The unit has two (2) on-board outputs. Terminals IO-5 and IO-6 which are the output terminals of the low voltage relay. The operation as described below is adjusted by VR2.
Terminals IO-7 and IO-8 are the outputs of the no voltage relay. The operation as described below is adjusted by VR3.
These are electrically isolated normally-open (NO) contacts which are rated at 0.5 amps at 30 volts, and are sized to connect directly to a security control panel. If your fence is not connected to, or part of a security system, then an auxiliary relay should be utilized to provide the current and voltage rating that your equipment requires.
IO-9 and IO-10
These are the actual voltage measurement points for the low voltage (10) set-point voltage which is usually adjusted to 500 to 600 volts below the actual fence voltage.
The no voltage (9) set-point voltage is usually set for 400 – 500 volts. When set a few volts above zero will eliminate most spurious and induced voltages which may false alarm.
Either will measure less than 3 volts and will vary depending upon what brand of fence charger you are using and the condition of your fence.
There are several areas in the circuitry where the voltage is reduced, and then reduced again to a usable level. The actual voltage value of the fence voltage pulse is divided several times to a final voltage reading that can be easily handled which is 1/4500 of the actual value of the voltage pulse that is on the fence. This voltage value can be read at the cusp at IO-10 for LED1 from blink to off and will provide the actual fence voltage when multiplied by 4,500 times.
Adjustable Components and Indicators:
LED 1 :: This indicator is illuminated in concert with fence pulse. When the controls and adjustments are set correctly this indicator should blink/flash with every voltage pulse that is applied to the fence.
The voltage setting is adjusted with VR1. The time delay that is adjusted with VR2 allows for the normal variation of the fence voltage of 200 to 300 volts that will occur from a variety of sources.

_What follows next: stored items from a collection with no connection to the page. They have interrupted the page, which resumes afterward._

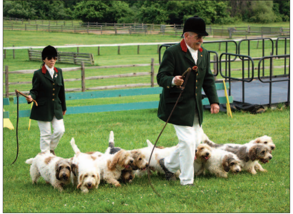
We were Third in the Pack Class of seven packs.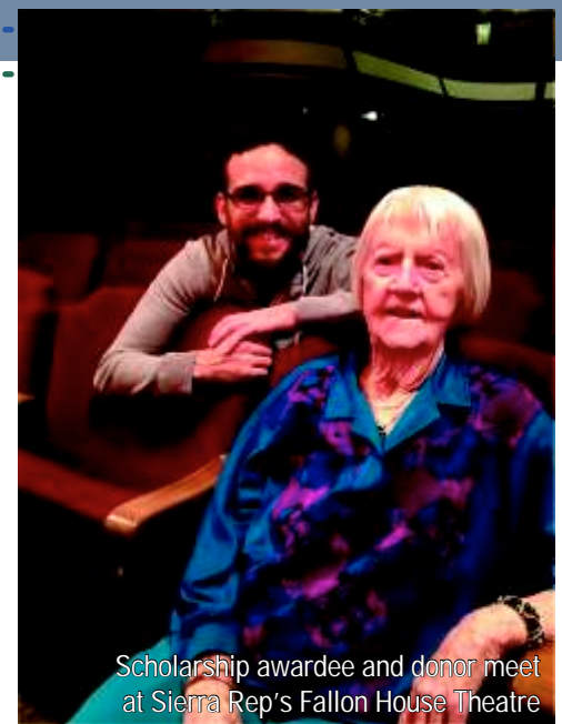
Scholarship awardee and donor meet at Sierra Rep's Fallon House Theatre

"The arts are so important," she said. "How can a person live fully without them? You only have to look at how a tree grows to know the difference it makes."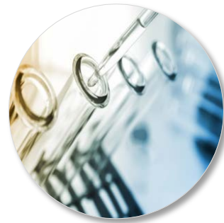
EC-Rep services for In Vitro Diagnostics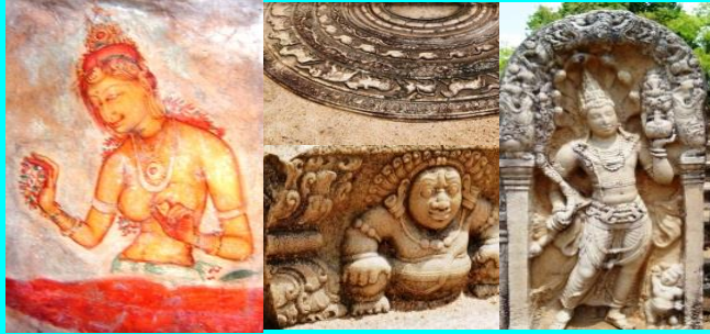
Sigiriya frescos, moon-stone and guard-stones; symbols of the amazing heritage of Sri Lanka

Visit and experience the glory, rich culture and heritage of Sri Lanka, the Pearl of the Indian ocean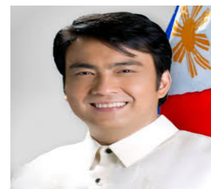
Sen. Ramon Bong Revilla, Jr.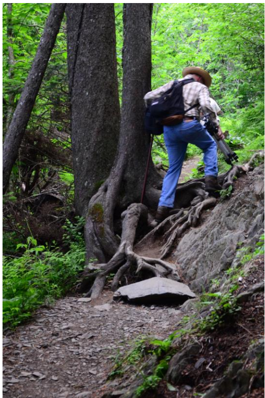
Karel Bernady climbs over rocks and roots on the Appalachian Trail to Mt. LeConte

Bald to catch the end of that display, we decided to hike out the Appalachian Trail to the Jump Off. There was a good chance we might see that area in peak bloom.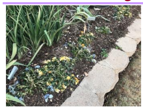
Frozen Pansies and freeze-damaged spuria irises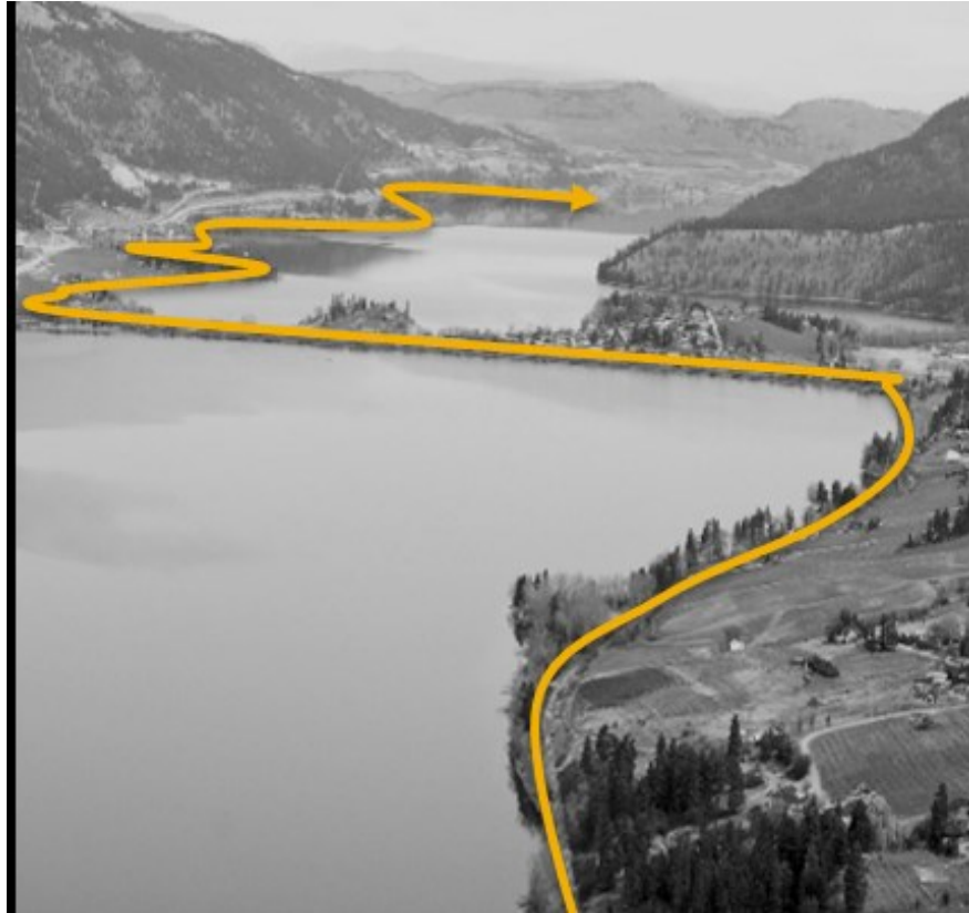
City of Kelowna

That voltage level (VR1) in conjunction with 60 plus seconds of delay (VR2) will eliminate 99.9% of false alarms from blowing trash, grass and weeds.
Set the voltage read at IO -10 at 0.04 to 0.06 volts lower than the cusp reading. This will allow for normally occurring fence voltage fluctuations without creating unwanted false alarms.

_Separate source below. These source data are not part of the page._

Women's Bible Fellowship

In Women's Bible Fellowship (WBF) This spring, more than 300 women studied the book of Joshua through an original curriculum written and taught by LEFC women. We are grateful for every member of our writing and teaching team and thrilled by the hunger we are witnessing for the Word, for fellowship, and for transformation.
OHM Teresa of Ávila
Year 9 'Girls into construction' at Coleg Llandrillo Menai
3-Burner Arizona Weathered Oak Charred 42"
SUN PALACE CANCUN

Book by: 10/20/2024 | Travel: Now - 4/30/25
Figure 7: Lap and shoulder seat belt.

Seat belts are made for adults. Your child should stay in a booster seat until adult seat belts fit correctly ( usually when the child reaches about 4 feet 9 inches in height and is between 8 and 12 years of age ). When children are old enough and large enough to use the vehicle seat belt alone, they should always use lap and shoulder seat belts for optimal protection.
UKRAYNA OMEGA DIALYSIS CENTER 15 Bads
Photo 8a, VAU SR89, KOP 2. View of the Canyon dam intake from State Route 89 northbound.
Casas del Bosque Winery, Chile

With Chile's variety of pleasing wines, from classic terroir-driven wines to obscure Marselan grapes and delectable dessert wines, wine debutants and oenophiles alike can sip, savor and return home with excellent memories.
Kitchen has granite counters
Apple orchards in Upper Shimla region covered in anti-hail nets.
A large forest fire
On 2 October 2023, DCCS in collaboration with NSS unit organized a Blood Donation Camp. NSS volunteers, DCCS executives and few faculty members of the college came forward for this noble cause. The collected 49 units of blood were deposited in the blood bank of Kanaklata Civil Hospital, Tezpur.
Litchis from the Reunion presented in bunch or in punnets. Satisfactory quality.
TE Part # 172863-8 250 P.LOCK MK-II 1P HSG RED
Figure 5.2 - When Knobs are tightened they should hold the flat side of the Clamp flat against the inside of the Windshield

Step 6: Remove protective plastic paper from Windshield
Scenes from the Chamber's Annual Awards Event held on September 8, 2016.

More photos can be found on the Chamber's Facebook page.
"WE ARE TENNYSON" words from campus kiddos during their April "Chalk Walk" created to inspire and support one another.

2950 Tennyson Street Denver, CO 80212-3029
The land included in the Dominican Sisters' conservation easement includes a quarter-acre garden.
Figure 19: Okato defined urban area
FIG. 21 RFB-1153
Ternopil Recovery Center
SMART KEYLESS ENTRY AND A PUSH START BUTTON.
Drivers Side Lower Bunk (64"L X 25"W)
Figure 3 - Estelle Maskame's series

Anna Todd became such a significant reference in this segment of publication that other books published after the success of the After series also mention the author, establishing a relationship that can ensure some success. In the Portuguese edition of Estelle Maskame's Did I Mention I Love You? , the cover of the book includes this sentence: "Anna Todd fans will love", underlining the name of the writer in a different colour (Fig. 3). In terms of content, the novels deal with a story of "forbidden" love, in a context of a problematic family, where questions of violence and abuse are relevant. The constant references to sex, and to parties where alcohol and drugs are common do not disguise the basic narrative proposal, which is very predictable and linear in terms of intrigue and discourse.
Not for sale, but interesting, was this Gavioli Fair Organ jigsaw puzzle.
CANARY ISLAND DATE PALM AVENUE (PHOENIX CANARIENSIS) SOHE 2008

During normal operation this intermittent indicator will flash once for every fence pulse working at the correct set voltage. When/if it stops flashing, this indicates that fence voltage is less than the voltage setting as described in LED2 operation.
LED 2 :: This indicator is illuminated in concert with the normally open (NO) contacts of X2 to provide an alert when the fence voltage drops to a point where the fence generally needs cleaning. This is an adjustable value which is usually set about 500 volts below the operating fence voltage. The high voltage output from your fence charger is reasonably consistent, but will still vary up to 200-300 volts or more within any normal fence usage and environment.
This indicator has a time delay set at 60 seconds or more to allow for momentary and partial loss of voltage usually caused by wind and other temporary cases. This time delay is adjusted with VR2 and is usually set for the maximum delay.
Even with identical equipment, every fence has a different set of environmental conditions that will change the working voltage of your fence, so settings that work for one fence may not work well for another fence.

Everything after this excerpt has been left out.